- Native to: Australia
- Region: Cape York Peninsula, Queensland
- Ethnicity: Ngundjan (Ogh-Undjan), Uw Oykangand, Olkola
- Native speakers: 2 (2005)
- Language family: Pama–Nyungan PamanSouthwesternUpperKunjen; ; ; ;
- Dialects: Uw Oykangand; Uw Olkola; Ogh-Undjan; Kawarrang; Athina;

Language codes
- ISO 639-3: Either: kjn – Oykangand olk – Olkol
- Glottolog: kunj1248
- AIATSIS: Y83 Kunjen (cover term), Y188 Kokiny, Y237 Athina
- ELP: Kunjen; Olkol;
- Kunjen is classified as Critically Endangered by the UNESCO Atlas of the World's Languages in Danger.

= Kunjen language =

Paman language spoken in Queensland, Australia

Kunjen, or Uw, is a Paman language spoken on the Cape York Peninsula of Queensland, Australia, by the Uw Oykangand, Olkola, and related Aboriginal Australian peoples. It is closely related to Kuuk Thaayorre, and perhaps Kuuk Yak.

== Dialects ==
Two of its dialects, Uw Olkola (Olgolo) and Uw Oykangand (Koko Wanggara), are very close, being mutually intelligible and sharing 97% of their core vocabulary.
Another two, Ogh-Undjan and Kawarrangg, are also close, but somewhat more distant from the first pair. Kokinj (Kokiny) is a subdialect of Ogh-Undjan. A fifth variety, Athima, is poorly attested.
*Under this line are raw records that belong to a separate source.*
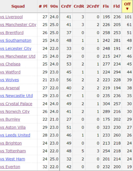 Στο εκτός έδρας ματς με την Μπέρνλι, οι γηπεδούχοι υποδείχθηκαν σε θέση οφσάιντ 7 φορές. Ωστόσο, επειδή το σημαιάκι σηκωνόταν αργά λόγω της οδηγίας για το VAR, δημιουργήθηκε η εντύπωση ότι η Μπέρνλι απειλούσε πολύ περισσότερο.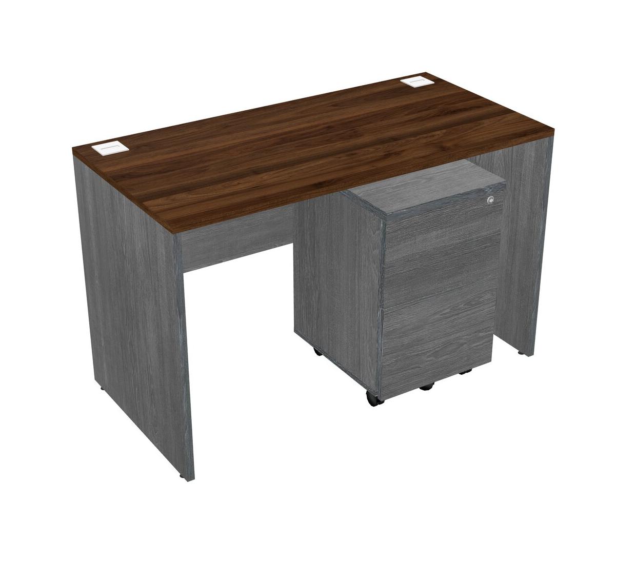 Columbia Walnut Rectangular Office Desk Plus Grey Wooden Mobile Drawers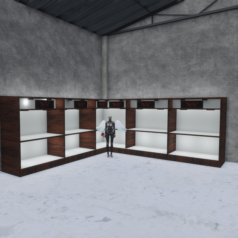 A large display unit with lighting and signs to display your fancy goods!! To see this in world visit my store https://atlas.sansar.com/experiences/timeymaster-3376/timey-master-s-store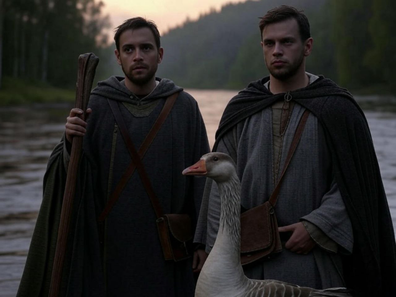 В дремучих лесах земли Славинии, где вековые дубы шептались о былых временах, жили два брата – Валера и младший его Лёва. С ними всегда был гусь Евдоким, что, к удивлению всех, чуял беду наперед.

Below is a table showing the mutual intelligibility in vocabulary between the Kunjen dialects, based on a list of 100 basic words.

| Uw Oykangand | 97% | 44% | 38% |
| Uw Olkola |  | 43% | 38% |
| Ogh-Undjan |  |  | 82% |
Kawarrangg

A small dictionary of Kunjen has been compiled by Philip Hamilton. A great majority of words begin with a vowel (>96%), similar to the situation in distantly-related Arrernte. Exceptions include kinship terms and loanwords. Syllable onsets are thought to be present in all languages, so their absence in native lexicon is highly notable.

== Respect register ==
As in many other Australian languages, such as Dyirbal, Kunjen also has a respect register, which is a polite way of speaking with a potential mother-in-law and is called Olkel-Ilmbanhthi. Most of the vocabulary is replaced, while affixes and function words are kept.

== Phonology ==

=== Vowels ===
Kunjen has 5 vowels:

Vowels
|  | Front | Back |
| Unrounded | Rounded |
| Close | i | u |
| Mid | e | o |
| Open | a |  |

There is a lexical vowel harmony constraint in Kunjen: Close and mid vowels do not co-occur in a word.

=== Consonants ===
Kunjen has 27 consonants:

Consonants
|  |  | Peripheral |  | Laminal |  | Apical |  |
| Bilabial | Velar | Palatal | Dental | Alveolar | Retroflex |
| Plosive | voiceless | p ⟨p⟩ | k ⟨k⟩ | c ⟨ch⟩ | t̪ ⟨th⟩ | t ⟨t⟩ |  |
| voiced | b ⟨b⟩ | g ⟨g⟩ | ɟ ⟨j⟩ | d̪ ⟨dh⟩ | d ⟨d⟩ |  |
| Nasal | plain | m ⟨m⟩ | ŋ ⟨ng⟩ | ɲ ⟨ny⟩ | n̪ ⟨nh⟩ | n ⟨n⟩ |  |
| prestopped | ᵇm ⟨bm⟩ | ᶢŋ ⟨gng⟩ | ᶡɲ ⟨jny⟩ | ᵈ̪n̪ ⟨dnh⟩ | ᵈn ⟨dn⟩ |  |
| Fricative |  | f ⟨f⟩ | ɣ ⟨ɣ⟩ |  | ð ⟨ð⟩ |  |  |
| Trill |  |  |  |  |  | r ⟨rr⟩ |  |
| Approximant | Central | w ⟨w⟩ |  | j ⟨y⟩ |  |  | ɻ ⟨r⟩ |
| Lateral |  |  | ʎ ⟨ly⟩ | l̪ ⟨lh⟩ | l ⟨l⟩ |  |

== In popular culture ==
The Uw Olkola word for the freshwater crocodile, ogakor, was used as the name of a tribe on the second season of the American reality television series Survivor in 2001.